### PROVIDED RECORDS
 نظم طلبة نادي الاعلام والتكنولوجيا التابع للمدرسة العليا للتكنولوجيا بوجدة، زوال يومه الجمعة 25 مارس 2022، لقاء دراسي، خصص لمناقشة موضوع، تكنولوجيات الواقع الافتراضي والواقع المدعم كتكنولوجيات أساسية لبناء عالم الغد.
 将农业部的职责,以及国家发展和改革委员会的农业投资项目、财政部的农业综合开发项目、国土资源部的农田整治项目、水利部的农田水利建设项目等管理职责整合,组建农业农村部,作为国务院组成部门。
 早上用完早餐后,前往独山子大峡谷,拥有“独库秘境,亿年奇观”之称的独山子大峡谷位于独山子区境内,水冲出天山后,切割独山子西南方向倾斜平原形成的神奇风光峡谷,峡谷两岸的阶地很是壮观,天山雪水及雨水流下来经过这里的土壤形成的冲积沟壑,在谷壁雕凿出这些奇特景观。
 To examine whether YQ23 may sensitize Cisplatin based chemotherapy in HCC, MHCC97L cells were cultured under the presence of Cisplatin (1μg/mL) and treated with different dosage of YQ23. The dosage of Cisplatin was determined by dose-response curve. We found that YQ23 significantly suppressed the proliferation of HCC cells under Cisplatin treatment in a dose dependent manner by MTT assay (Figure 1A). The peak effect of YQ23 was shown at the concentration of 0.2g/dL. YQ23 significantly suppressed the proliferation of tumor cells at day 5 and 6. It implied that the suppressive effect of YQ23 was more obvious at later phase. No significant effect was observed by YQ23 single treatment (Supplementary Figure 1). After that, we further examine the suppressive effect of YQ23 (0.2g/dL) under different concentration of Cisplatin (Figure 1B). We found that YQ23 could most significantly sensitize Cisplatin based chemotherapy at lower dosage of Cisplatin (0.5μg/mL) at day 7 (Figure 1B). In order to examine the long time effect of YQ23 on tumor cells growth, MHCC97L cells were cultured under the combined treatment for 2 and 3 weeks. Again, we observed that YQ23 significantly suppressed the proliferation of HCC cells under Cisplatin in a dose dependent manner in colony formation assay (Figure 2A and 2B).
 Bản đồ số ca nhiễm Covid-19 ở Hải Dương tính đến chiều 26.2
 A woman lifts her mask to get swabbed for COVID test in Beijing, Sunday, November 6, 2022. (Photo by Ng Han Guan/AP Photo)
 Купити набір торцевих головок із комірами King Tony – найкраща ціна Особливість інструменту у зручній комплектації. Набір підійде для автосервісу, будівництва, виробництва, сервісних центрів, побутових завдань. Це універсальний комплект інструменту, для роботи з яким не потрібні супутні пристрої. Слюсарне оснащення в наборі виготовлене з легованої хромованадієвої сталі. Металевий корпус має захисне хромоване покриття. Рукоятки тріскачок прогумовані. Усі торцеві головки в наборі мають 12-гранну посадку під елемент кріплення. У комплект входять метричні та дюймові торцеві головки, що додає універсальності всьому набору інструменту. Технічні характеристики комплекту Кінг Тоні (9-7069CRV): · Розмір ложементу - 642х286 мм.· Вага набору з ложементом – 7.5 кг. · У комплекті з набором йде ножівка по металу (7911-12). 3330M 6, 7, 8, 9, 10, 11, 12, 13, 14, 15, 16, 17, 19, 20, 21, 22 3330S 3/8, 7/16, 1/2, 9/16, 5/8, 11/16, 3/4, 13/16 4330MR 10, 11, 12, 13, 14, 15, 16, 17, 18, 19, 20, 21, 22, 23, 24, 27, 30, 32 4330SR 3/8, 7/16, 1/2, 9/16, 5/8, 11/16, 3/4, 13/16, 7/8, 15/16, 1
######
What is needed is every line from the beginning of the data up to and including the line with "将农业部的职责,以及国家发展", given again word for word.

### [SOLUTION TO THIS EXERCISE]
 نظم طلبة نادي الاعلام والتكنولوجيا التابع للمدرسة العليا للتكنولوجيا بوجدة، زوال يومه الجمعة 25 مارس 2022، لقاء دراسي، خصص لمناقشة موضوع، تكنولوجيات الواقع الافتراضي والواقع المدعم كتكنولوجيات أساسية لبناء عالم الغد.
 将农业部的职责,以及国家发展和改革委员会的农业投资项目、财政部的农业综合开发项目、国土资源部的农田整治项目、水利部的农田水利建设项目等管理职责整合,组建农业农村部,作为国务院组成部门。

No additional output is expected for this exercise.